Baptist Press carried a recent commentary by Southern Baptist pastor Bob Carpenter of Michigan titled “When to leave your church.”

His basic point, with which I agree, is that churches need to focus on unity. However, he identifies a few situations that he considers legitimate reasons for moving one’s membership to another congregation.

In addition to a physical relocation or a call to mission, Pastor Carpenter said a person should change churches if they encounter false teaching, unaddressed sin or a dysfunctional church life.

I guess it has to with degrees, but I’ve never known of a congregation that didn’t have a dose of all three. They seem to come with the territory.

While there are some legitimate biblical warnings about false teachings, my experience is that we need to be more on-guard against those who brand everything with which they disagree as “false teaching.”

Too often, so-called false teaching means that the opinions (biblical interpretations) expressed differ from mine.

We long-suffering Baptists have heard all kinds of things deemed ‘false teachings’ from interracial relationships to the use of biblical translations beyond 1611 to women wearing pants to church except during an ice storm.

One of the greatest heresies we promote — knowingly or unknowingly — is that we have God and the Gospel all figured out. It helps to remember Helen Keller’s wise observation that “the heresy of one age becomes the orthodoxy of the next.”

Someone’s narrow view of orthodoxy has never been my primary motivation for church involvement. Worship, mystery, spiritual nurture, community are bigger draws.

While not suggesting an anything-goes, all-beliefs-are-equal faith, I find authoritarian preachers with uncritical certitudes more offensive than ideas that challenge traditional thinking about faith. Teaching people to work out their salvation reflectively is preferred over thoughtless indoctrination.

The New Testament — with its few and fragile churches — doesn’t give much attention to “moving your membership.” But here are some reasons that would lead me find a new congregational home.

I’d look elsewhere if in my church:
1. My narrow understanding of God went unchallenged. (If everything about God has been solved.
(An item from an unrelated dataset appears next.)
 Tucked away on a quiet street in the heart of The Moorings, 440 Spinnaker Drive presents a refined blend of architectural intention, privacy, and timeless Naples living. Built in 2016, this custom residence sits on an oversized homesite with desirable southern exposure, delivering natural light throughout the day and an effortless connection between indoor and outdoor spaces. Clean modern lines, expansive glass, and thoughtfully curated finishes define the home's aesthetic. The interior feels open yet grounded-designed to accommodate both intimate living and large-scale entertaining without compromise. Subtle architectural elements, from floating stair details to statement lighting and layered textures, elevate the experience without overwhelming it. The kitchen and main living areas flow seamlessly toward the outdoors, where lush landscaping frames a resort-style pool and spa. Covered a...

No mystery or doubt remains.)
2. Uniformity is mistaken for unity.
3. Christian ethics keep getting reduced to a narrow political agenda that ignores the obvious individual and corporate failures of “good Christians like us” but offers continual hostility toward gay and lesbian persons.
4. Belief in the “inerrant Bible” and the pastor’s interpretations of the Bible are one and the same.

Or if they serve that powdery, non-dairy creamer during coffee hour.
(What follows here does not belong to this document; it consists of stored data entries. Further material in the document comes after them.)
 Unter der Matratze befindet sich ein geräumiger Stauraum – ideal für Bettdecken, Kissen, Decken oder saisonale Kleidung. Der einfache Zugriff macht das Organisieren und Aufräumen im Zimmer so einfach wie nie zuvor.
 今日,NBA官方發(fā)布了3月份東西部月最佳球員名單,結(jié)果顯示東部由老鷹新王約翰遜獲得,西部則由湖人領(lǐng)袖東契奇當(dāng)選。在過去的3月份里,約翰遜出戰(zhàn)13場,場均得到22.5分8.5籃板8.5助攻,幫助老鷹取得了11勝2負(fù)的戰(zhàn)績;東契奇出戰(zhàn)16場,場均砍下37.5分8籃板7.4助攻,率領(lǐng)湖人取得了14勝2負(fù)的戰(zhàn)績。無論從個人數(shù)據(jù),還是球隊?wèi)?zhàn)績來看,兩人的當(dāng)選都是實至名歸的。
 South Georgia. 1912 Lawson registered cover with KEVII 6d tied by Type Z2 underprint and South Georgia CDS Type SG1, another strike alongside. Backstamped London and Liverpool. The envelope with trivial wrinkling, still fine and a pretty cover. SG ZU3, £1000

  1. I’m to the point if a church sings on average three hymns during Sunday Morning congregational singing that I recognize from waking hours between my 10th and 23rd year on the baptist planet; then I’m fairly satisfied if they let me slip out with no bad looks before the preachin.
    I don’t put much stock in preachin any more, but I may stay for a few preachers.
    OTOH I thought Marian Wright Edelman did a fine job in Bham Sat week ago.
    I do like however, what your preacher Dant said in his 2nd Sunday School lesson for Feb in the Jan issue of Baps Today.

  2. I think it is healthy when people leave seeking a place of worship and service holding beliefs similar to theirs. That is rarely the cause.

    If leaving is over these issues:
    A. 5 point Calvinism/Arminianism
    B. The status of men and women
    C. The Five Fragile Freedoms

    Then it is healthy for everyone to separate like Paul and Barnabas.

    These irreducible minimums really brook no compromise. In these cases leaving maybe best for everyone.

    But in general this AA saying should be [with some adaptations] a reasonable guide for Christians:

    This we owe to AA’s future
    To place our common welfare first
    to keep our fellowship united
    For on AA unity depends our lives
    and the lives of those to come

    Most Baptist churches are not mature enough to practice soul freedom.

  3. Or instant coffee. Or decaf. Both good reasons to leave.